Lilla My:
Przez większość meczu nosiłam się z zamiarem obstawienia Przemka Tytonia, bo przecież wszystkie kochamy historie o brzydkich kaczątkach, na które nikt nie zwraca uwagi, a które nagle rozkwitają, by bronić naszej bramki jak natchnione, nawet (a może szczególnie) gdy trwa akurat oblężeni Częstochowy. Do tego z nieznanego mi powodu image Tytonia a la amant z lat 20. wydaje mi się coraz bardziej atrakcyjny... wszystko układało się w piękną (choć patrząc na wynik - nieco tragiczną) całość, gdy nagle nastąpiła 57. minuta i Kuba Błaszczykowski , jakby to powiedzieli nasi komentatorzy, huknął jak z armaty.
Kuba Błaszczykowski chwilę po zdobyciu bramki podczas meczu z Rosją Fot. Grzegorz Celejewski / Agencja Wyborcza.pl
Ale jaka tam to była armata - to były stadiony świata, delikatność połączona z siłą i precyzją, poezja i finezja, ucieleśnienie naszych marzeń i pragnień. Odpłynęłam. Kuba Błaszczykowski. Szczególne wyrazy uznania dla Eugena Polańskiego za świetny mecz - byłaby nominacja, gdyby tak ktoś zechciał przymknąć oko na tego spalonego. Naprawdę nie mają się czego czepiać!
Rybka:
Kiedy zastanawiałam się wczoraj głośno, kogo nominować na Eurociacho, pewien redaktor Z Czuba zapytał, czy istnieje w ogóle taka możliwość, żeby nie nominować Kuby, czy wszechświat się od tego nie zawali, nie wybuchnie i nie skończy. Zaryzykuję, bo dla mnie cichym bohaterem meczu (choć ten mecz miał wielu cichych bohaterów) był Łukasz Piszczek . Anonsowany jako najlepszy boczny obrońca Europy wczoraj chyba po raz pierwszy za mojego oglądania pracował w defensywie. Jak obrońca. Może i nie upilnował Dżagojewa przy bramce dla Rosjan, może czasem miał duszę na ramieniu, a ja razem z nim, ale mam wrażenie, że kilkakrotnie nas ratował, i że był przy tym, w tym swoim przestrachu, taki superhot. No i jego współcieszynka z Kubą to absolutnie najpiękniejszy widok tych mistrzostw jak do tej pory:
queenerica
Skoro wszystkie zastanawiamy się nad tym co zrobić, by nie oddać 5 głosów na Kubę (który pewnie i tak wygra, bo absolutnie sobie na to zasłużył) ja odwrócę wzrok od meczu Polska - Rosja i nominuję Vaclava Pilara . Po pierwsze dlatego, że Czesi jakoś tak ogólnie niezbyt są przez nas doceniani, po drugie dlatego, że jego bramka, która ostatecznie okazała się być bramką robiącą różnicę, mogła mieć spory wpływ na postawę naszych chłopców.
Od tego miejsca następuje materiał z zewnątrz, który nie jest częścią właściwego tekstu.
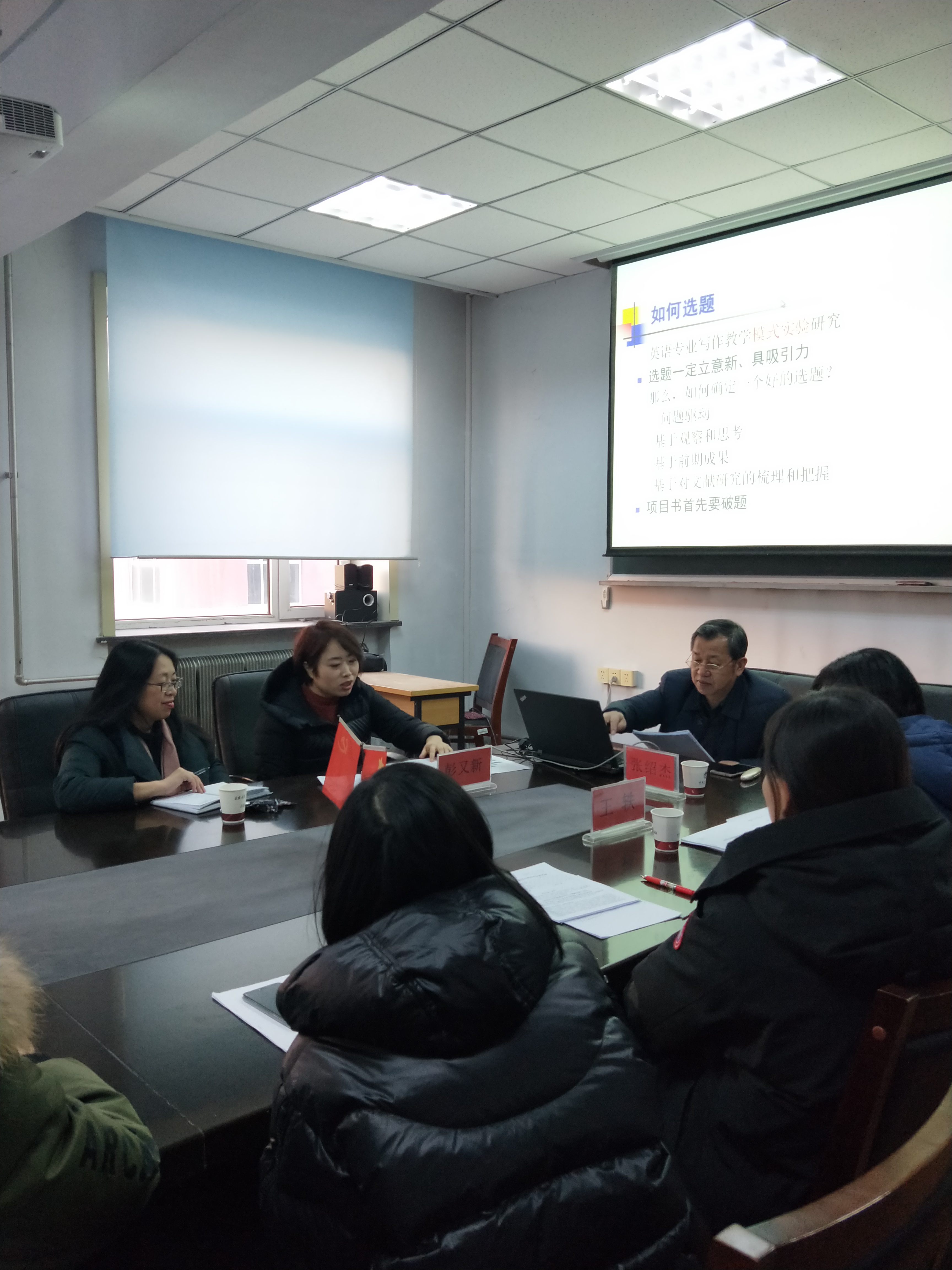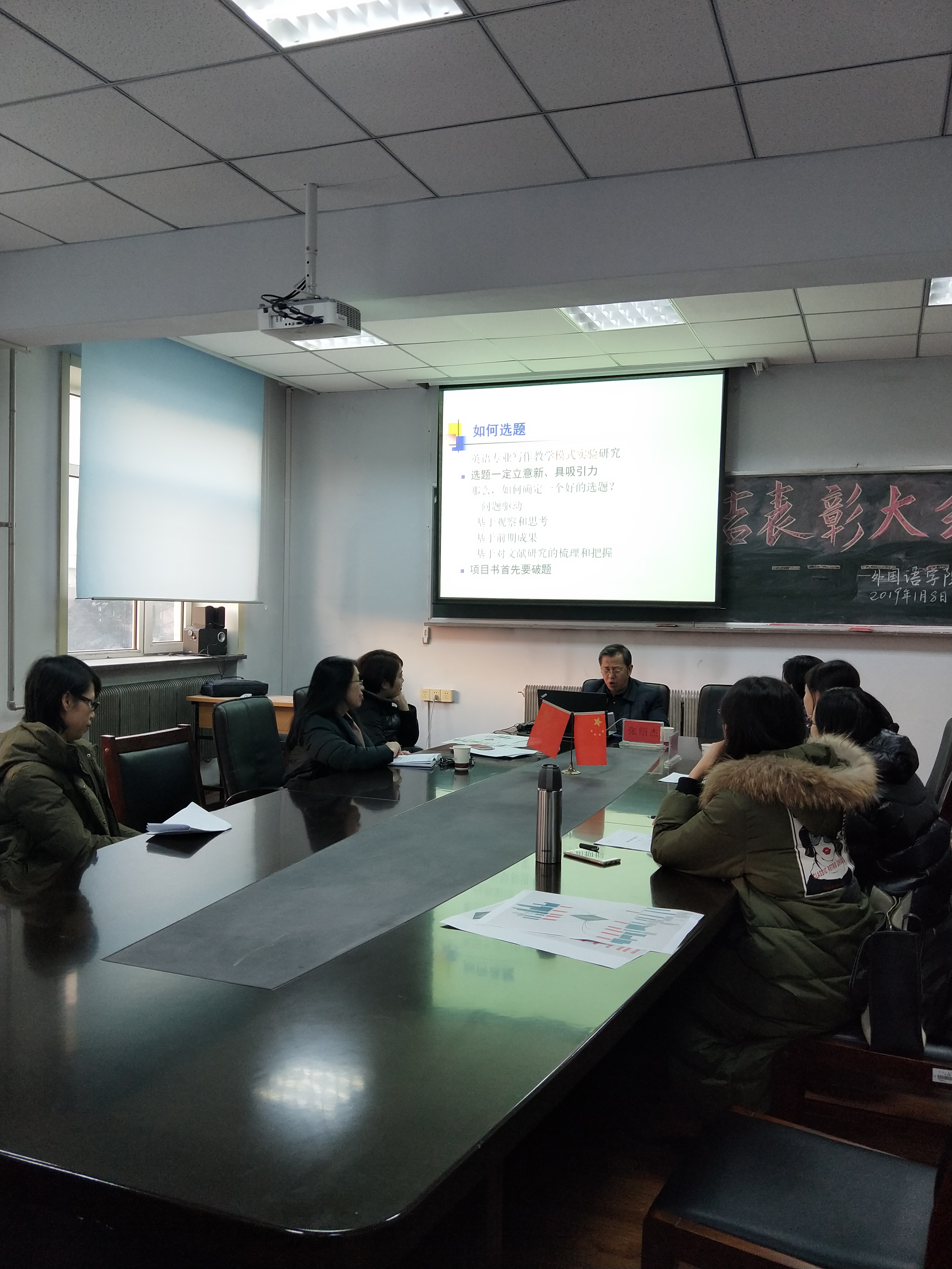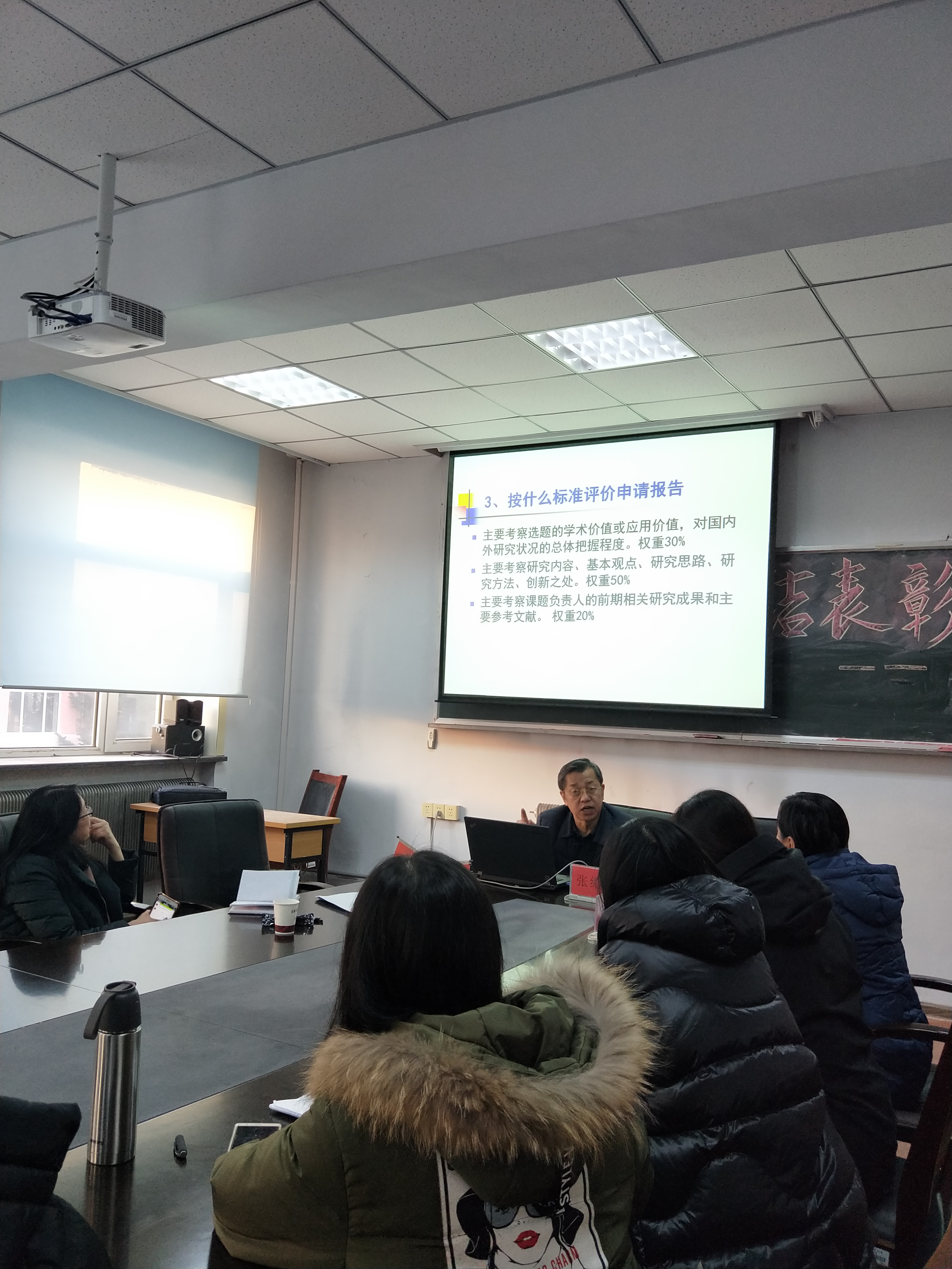 首先张绍杰教授给与会教师做了精彩的题为《国家社科基金项目申报解析》的报告。从如何选题、如何论证研究内容、如何梳理论证思路、如何设计研究方法等方面进行了详尽的解析,并结合拟申报教师的选题,进行了具体指导,给出了建设性的意见。随后张绍杰教授结合拟申报教师的申报书,做出了专项点评,让教师们受益匪浅。在活动的最后张教授对教师们遇到的疑问给与了精彩的解答,并对申报教师给与了极大的肯定和鼓舞。

W końcu gdyby to Grecy wygrali z Czechami, nasza sytuacja byłaby gorsza, nerwy przed meczem z Rosją większe, same rozumiecie!
Pilar fot. Agencja Gazta
ruby_blue
Damien Perquis. Wiadomo, Kuba naszym bohaterem jest, ale na mnie nikt nie zrobił chyba tak wielkiego wrażenia jak on. Ile ten chłopak zostawił siebie na boisku, jak walczył do ostatniej dziury w nodze, jak nie bał się żadnej wystawionej wysoko stopy ni głowy. A, że przy okazji jest gorętszy niż Sekwana w lecie stulecia? Cóż.
A redaktorka Marina chyba jeszcze odsypia wczorajsze emocje. Wprawdzie spóźnienia w typach miałyśmy piętnować karną nominacją Olega Błochina, ale chyba jej darujemy... Bo na pewno śni o Kubie.
UPDATE: Miałyśmy rację, co do red. Mariny :P
Marina
Kuba! Za najpiękniejszą bramkę na tych Mistrzostwach Europy. Za bycie liderem ataku, gdy Robert być nim nie mógł. Za podniesienie drużyny w ciężkich chwilach i za zagrzanie jej do walki. Za przedłużenie marzeń. Takiego kapitana zawsze chciałam by nasza kadra miała i wychodzi na to, że wreszcie się doczekałam. Kuba, innego wyboru tutaj być nie mogło, jesteś naszym bohaterem! P.S. Sorry za ten patos, ale mnie w '74 na świecie nie było i nie pamiętam jak to jest, gdy nasza kadra gra z sercem, a w ostatnim meczu grupy jest o co walczyć. I trochę się kurcze wczoraj wzruszyłam.